La Cámara de Diputados aprobó esta madrugada en lo general y en lo particular las reformas para prohibir el outsourcing o subcontratación laboral en la administración pública y en el sector privado.

 Después de siete horas de discusión fueron aprobadas las modificaciones a la Ley Federal del Trabajo, la Ley del Seguro Social y la Ley del Infonavit y un ajuste de última hora para ampliar la prohibición de la subcontratación de personal a las entidades del sector público.

El dictamen fue aprobado en lo particular con 284 votos a favor, 108 en contra y 17 abstenciones y fue remitido al Senado de la República para su análisis y eventual aprobación.

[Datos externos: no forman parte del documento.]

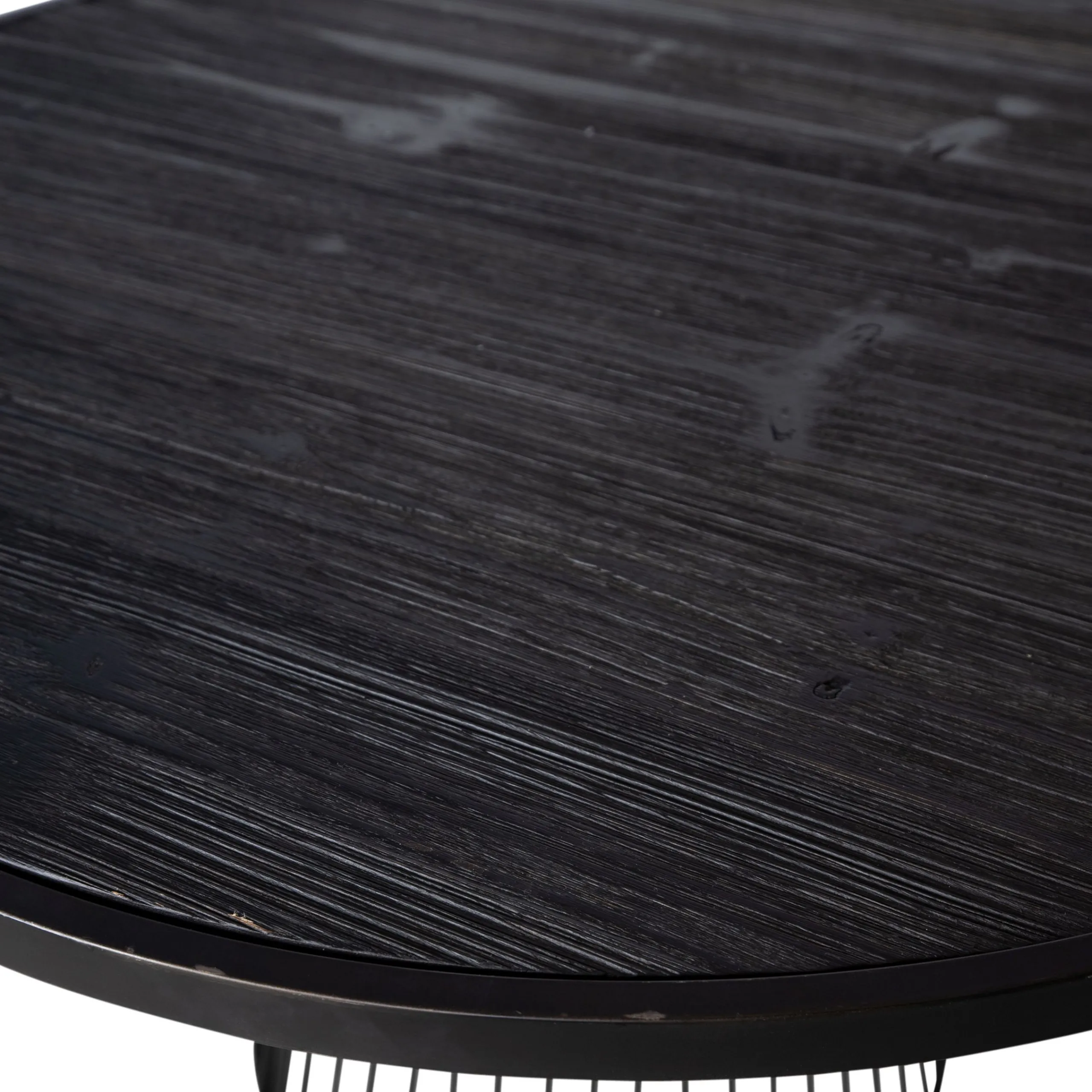 Dieser Beistelltisch wirkt schon fast dezent, aber durch seinem Kegelfuß aus schwarzen feinen Metallstäben und vor allem mit seiner strukturierten schwarzen Holzplatte, zieht er die Blicke auf sich. Der Tisch hat auf jeden Fall ein Wow-Effekt und verleiht dem Raum sofort einen Hauch von Glamour. Er bietet mit einem Durchmesser von 80 cm ausreichend Ablagefläche für Bildbände, Bücher und Dekoration und natürlich auch für Kaffetasse oder Aperitiv.

La reforma prohíbe la subcontratación de personal, entendida como el acto en que una persona física o moral proporciona o pone a disposición trabajadores propios en beneficio de otra, salvo en el caso de servicios especializados que no formen parte del objeto social ni de la actividad económica preponderante de la empresa beneficiaria.

Prevé asimismo multas de 2 mil a 50 mil veces la Unidad de Medida y Actualización (de 179 mil 240 a 4 millones 481 mil pesos) a quien realice subcontratación de personal o preste servicios de subcontratación sin contar con el registro correspondiente.

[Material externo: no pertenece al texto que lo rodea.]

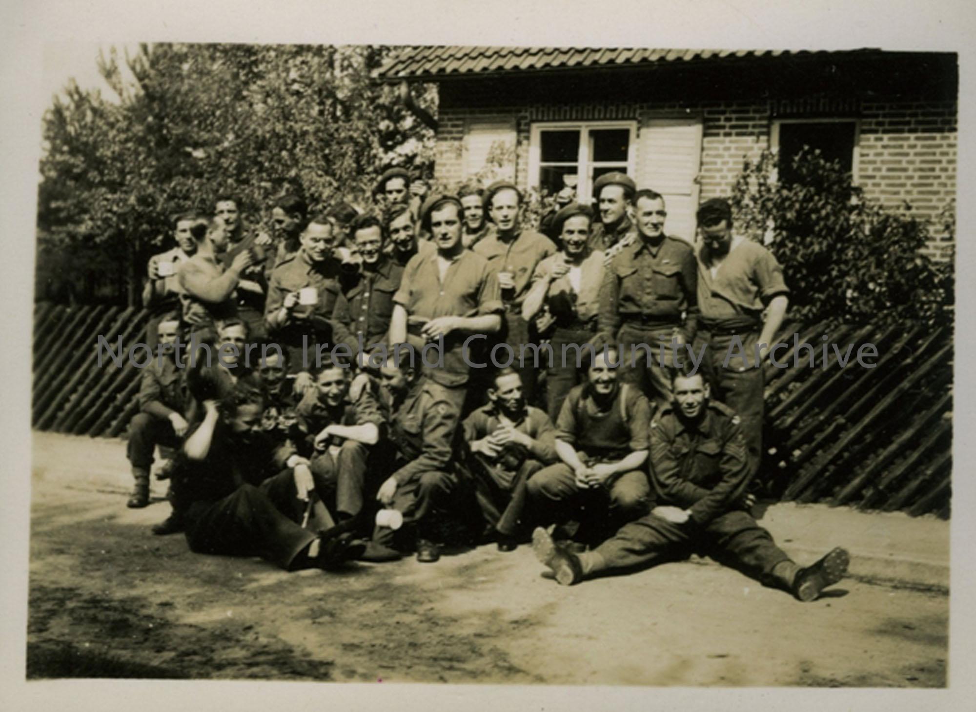 Group of 25 soldiers in Damme Germany. Includes: Sgt Elliot (Legs outstretched at right angles) S Nevin; A McGowan; A Thompson; W Norris; H Milford; A Elliot; R McVeigh; A Morrison.

El proyecto considera la creación de un padrón público de empresas dedicadas a la subcontratación de personal de servicio especializados. “Las personas físicas o morales que proporcionen los servicios de subcontratación, deberán contar con registro ante la Secretaría del Trabajo y Previsión Social. Para obtener el registro deberán acreditar estar al corriente de sus obligaciones fiscales y de seguridad social”, establece. Entre otros aspectos destaca igualmente el “tope” a la participación de utilidades con un límite máximo de tres meses del salario del trabajador o el promedio de la participación recibida en los últimos tres años. Las empresas que actualmente operan bajo el régimen de subcontratación laboral contarán con un plazo de 90 días naturales para la sustitución patronal y migración de trabajadores, siempre y cuando la empresa destino reconozca sus derechos laborales, incluyendo la antigüedad, ante las instancias legales correspondientes, según información del diario Milenio.